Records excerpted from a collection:
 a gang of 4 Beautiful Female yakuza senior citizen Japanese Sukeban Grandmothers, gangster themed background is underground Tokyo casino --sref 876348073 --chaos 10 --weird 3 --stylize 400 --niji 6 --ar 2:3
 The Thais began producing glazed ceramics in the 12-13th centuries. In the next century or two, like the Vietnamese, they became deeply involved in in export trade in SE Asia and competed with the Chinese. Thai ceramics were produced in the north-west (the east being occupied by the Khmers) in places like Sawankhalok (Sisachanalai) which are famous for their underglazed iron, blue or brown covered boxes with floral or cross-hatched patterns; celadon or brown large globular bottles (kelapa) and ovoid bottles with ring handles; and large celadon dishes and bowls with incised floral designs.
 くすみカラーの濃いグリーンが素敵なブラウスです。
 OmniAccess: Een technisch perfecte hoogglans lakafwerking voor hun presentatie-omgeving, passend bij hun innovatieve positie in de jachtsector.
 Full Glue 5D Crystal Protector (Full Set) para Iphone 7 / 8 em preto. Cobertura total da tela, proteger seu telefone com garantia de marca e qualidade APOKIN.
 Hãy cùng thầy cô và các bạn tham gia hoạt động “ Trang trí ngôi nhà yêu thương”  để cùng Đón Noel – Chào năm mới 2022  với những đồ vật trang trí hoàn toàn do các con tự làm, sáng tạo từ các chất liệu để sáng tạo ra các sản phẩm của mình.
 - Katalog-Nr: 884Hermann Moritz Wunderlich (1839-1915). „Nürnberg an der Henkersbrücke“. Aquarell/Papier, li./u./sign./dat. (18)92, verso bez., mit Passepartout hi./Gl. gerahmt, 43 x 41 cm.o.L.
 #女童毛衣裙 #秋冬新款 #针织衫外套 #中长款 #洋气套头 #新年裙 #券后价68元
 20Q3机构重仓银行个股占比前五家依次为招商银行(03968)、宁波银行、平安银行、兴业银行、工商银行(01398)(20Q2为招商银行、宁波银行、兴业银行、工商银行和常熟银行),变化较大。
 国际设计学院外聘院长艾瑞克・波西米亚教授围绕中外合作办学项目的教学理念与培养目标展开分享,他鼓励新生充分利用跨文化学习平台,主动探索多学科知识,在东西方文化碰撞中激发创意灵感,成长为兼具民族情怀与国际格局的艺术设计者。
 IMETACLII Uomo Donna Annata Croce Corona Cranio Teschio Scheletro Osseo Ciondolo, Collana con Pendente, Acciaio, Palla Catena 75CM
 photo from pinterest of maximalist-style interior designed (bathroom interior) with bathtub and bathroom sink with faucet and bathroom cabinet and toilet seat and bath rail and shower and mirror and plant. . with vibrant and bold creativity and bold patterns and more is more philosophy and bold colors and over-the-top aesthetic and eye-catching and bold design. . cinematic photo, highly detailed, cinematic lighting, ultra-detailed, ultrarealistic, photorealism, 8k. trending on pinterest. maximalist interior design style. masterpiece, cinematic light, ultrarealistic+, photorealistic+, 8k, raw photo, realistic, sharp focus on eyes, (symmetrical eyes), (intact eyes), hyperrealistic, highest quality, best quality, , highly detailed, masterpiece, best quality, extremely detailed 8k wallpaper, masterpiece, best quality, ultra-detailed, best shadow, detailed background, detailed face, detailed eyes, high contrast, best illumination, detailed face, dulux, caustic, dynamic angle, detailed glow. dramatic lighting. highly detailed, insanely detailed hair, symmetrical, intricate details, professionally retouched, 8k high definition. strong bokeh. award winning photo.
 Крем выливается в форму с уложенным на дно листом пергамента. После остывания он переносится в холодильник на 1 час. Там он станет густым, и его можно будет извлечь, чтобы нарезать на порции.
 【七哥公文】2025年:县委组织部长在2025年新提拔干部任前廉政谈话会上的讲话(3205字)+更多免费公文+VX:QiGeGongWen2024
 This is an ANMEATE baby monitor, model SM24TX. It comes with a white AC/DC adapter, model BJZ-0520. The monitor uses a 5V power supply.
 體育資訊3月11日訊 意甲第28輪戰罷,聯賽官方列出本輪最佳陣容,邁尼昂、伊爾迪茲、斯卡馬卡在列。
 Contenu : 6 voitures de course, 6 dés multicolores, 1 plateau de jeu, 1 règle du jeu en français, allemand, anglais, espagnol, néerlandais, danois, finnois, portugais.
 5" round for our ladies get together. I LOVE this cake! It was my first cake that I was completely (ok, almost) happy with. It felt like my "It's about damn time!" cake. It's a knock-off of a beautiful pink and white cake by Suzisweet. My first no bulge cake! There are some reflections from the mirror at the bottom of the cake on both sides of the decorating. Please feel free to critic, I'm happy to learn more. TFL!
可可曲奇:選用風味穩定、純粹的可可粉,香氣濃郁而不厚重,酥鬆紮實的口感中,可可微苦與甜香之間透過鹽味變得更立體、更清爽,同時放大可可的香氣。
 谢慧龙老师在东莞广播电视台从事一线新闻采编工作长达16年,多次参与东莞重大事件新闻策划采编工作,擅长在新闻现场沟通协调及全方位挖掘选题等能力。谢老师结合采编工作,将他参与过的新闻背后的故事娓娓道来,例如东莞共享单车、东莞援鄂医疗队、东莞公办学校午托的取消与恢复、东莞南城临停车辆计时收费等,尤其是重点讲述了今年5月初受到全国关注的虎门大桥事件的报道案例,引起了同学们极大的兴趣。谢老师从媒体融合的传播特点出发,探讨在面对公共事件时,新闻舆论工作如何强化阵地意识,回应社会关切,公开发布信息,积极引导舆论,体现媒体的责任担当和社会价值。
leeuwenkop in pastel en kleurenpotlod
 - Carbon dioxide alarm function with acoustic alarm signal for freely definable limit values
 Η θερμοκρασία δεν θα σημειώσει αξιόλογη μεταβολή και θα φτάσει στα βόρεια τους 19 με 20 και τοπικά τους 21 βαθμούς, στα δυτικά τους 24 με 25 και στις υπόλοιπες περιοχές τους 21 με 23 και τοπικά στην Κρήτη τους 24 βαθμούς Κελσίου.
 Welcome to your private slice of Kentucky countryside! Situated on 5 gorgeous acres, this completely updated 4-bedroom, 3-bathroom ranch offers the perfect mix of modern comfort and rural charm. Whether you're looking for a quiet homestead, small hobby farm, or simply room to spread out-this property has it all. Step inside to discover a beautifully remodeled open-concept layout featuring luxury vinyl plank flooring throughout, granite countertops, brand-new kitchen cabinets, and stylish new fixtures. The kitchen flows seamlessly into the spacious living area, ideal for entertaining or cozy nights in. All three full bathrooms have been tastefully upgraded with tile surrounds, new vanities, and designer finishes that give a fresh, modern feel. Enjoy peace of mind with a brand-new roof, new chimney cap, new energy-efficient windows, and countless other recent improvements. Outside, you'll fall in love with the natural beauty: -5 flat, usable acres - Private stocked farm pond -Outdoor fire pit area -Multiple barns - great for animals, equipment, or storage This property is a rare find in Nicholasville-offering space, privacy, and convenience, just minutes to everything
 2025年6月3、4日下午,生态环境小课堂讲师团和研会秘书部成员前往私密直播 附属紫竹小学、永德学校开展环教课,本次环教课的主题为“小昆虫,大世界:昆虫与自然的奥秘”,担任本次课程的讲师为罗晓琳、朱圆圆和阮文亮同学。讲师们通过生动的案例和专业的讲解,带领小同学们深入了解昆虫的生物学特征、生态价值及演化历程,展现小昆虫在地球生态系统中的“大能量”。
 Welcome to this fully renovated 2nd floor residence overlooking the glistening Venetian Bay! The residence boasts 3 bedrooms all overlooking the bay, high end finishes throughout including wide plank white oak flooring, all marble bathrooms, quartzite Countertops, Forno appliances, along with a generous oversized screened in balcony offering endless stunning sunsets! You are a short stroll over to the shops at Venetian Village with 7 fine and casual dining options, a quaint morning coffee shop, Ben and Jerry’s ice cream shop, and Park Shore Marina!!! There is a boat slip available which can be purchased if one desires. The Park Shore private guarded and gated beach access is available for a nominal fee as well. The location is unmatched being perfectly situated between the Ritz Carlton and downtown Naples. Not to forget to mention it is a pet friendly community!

## [Exercise objective]
One stretch of the lines above is wanted, from the line that contains "#女童毛衣裙 #秋冬新款 #针织衫外套 #中长款 #洋气套头 #新年裙 #券后价68元" through the line that contains "IMETACLII Uomo Donna". Output it exactly.

## [Response to the task]
 #女童毛衣裙 #秋冬新款 #针织衫外套 #中长款 #洋气套头 #新年裙 #券后价68元
 20Q3机构重仓银行个股占比前五家依次为招商银行(03968)、宁波银行、平安银行、兴业银行、工商银行(01398)(20Q2为招商银行、宁波银行、兴业银行、工商银行和常熟银行),变化较大。
 国际设计学院外聘院长艾瑞克・波西米亚教授围绕中外合作办学项目的教学理念与培养目标展开分享,他鼓励新生充分利用跨文化学习平台,主动探索多学科知识,在东西方文化碰撞中激发创意灵感,成长为兼具民族情怀与国际格局的艺术设计者。
 IMETACLII Uomo Donna Annata Croce Corona Cranio Teschio Scheletro Osseo Ciondolo, Collana con Pendente, Acciaio, Palla Catena 75CM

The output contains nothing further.